- Nickname: The Glade
- Interactive map of Forest Glade
- Country: Canada
- Province: Ontario
- County: Essex
- City: Windsor

Population
- • Estimate (2016): 19,000
- • Demonym: Forest Glader
- Postal Code format: N8Rxxx
- Area code: 519/ 226

= Forest Glade, Windsor =

Forest Glade is an urban/suburban community located in the east end of Windsor, Ontario, Canada. Forest Glade forms a large section of the Windsor's border with Tecumseh, Ontario and is situated near the former town of Riverside, Ontario. It has an estimated population of 19,000 people. The physical borders of the community are Tecumseh Road East to the North, Banwell Road to the East, Lauzon Road to the West, and E.C. Row Expressway to the South.

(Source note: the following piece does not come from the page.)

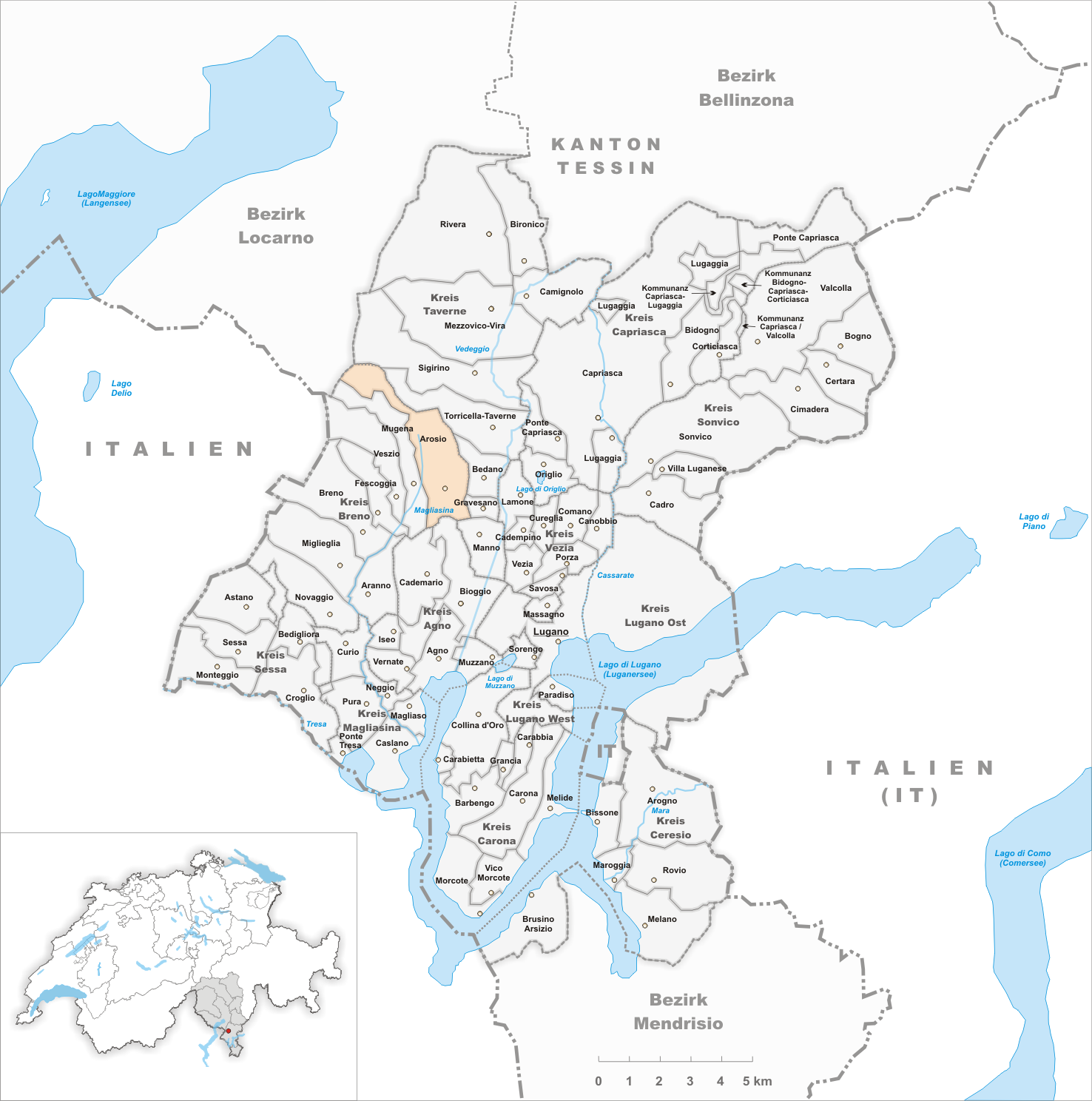 Municipality Arosia Artist: Tschubby

Forest Glade is accessed from three directions: West (off Lauzon Parkway), north (off Tecumseh Road East), and east (off Banwell Road). Nearby to a Tecumseh Road entrance is an entrance to the Ganatchio Trail, as well as a multitude of fast food restaurants, Tecumseh Mall, and several grocery stores. It has quick access to E.C. Row Expressway and is home to the easternmost sections of Transit Windsors 1C, 4, and 10 bus routes, providing excellent access to virtually anywhere in the city.

==Community landmarks==
Forest Glade features an Optimist Club, twin ice pads at Forest Glade Arena, along with the Forest Glade branch of the Windsor Public Library. Also notable are a public skate park, baseball diamonds, and tennis courts. These facilities collectively are referred to as the Forest Glade Community Centre.

There are three public elementary schools in the area: Forest Glade Public School, Eastview Horizon Public School. In addition to these, there are two Catholic school board schools: L.A. Desmarais and H.J. Lassaline.

Housing in Forest Glade generally consists of freestanding single family homes, owned as opposed to rented. There are a number of apartment buildings, but the majority of the population of the area live in houses. Numerous churches and religious places are present in the community. A shopping plaza, or small strip mall, is located near the Community Centre.

==Character==

Although Forest Glade, or simply "The Glade" is an official part of the City of Windsor, many residents show a sense of patriotism that would suggest it were an independent town.

Forest Glade is well known amongst Windsorites for having many winding and confusing roads. It is very easy to get lost in Forest Glade as there are many crescents and some of the streets even intersect themselves. Numerous crescent-type streets are renamed halfway along them, making navigation for people unfamiliar with the area difficult at best.

The community is an example of a planned community, as until the late 1960s, the area was mainly farmland, with fewer than a dozen houses in the area. The community was built in stages throughout the 1960s, 1970s, and 1980s, with most of the available land between the road boundaries being used. The most recent expansion is in the northeast corner, constructing new houses near Banwell Road.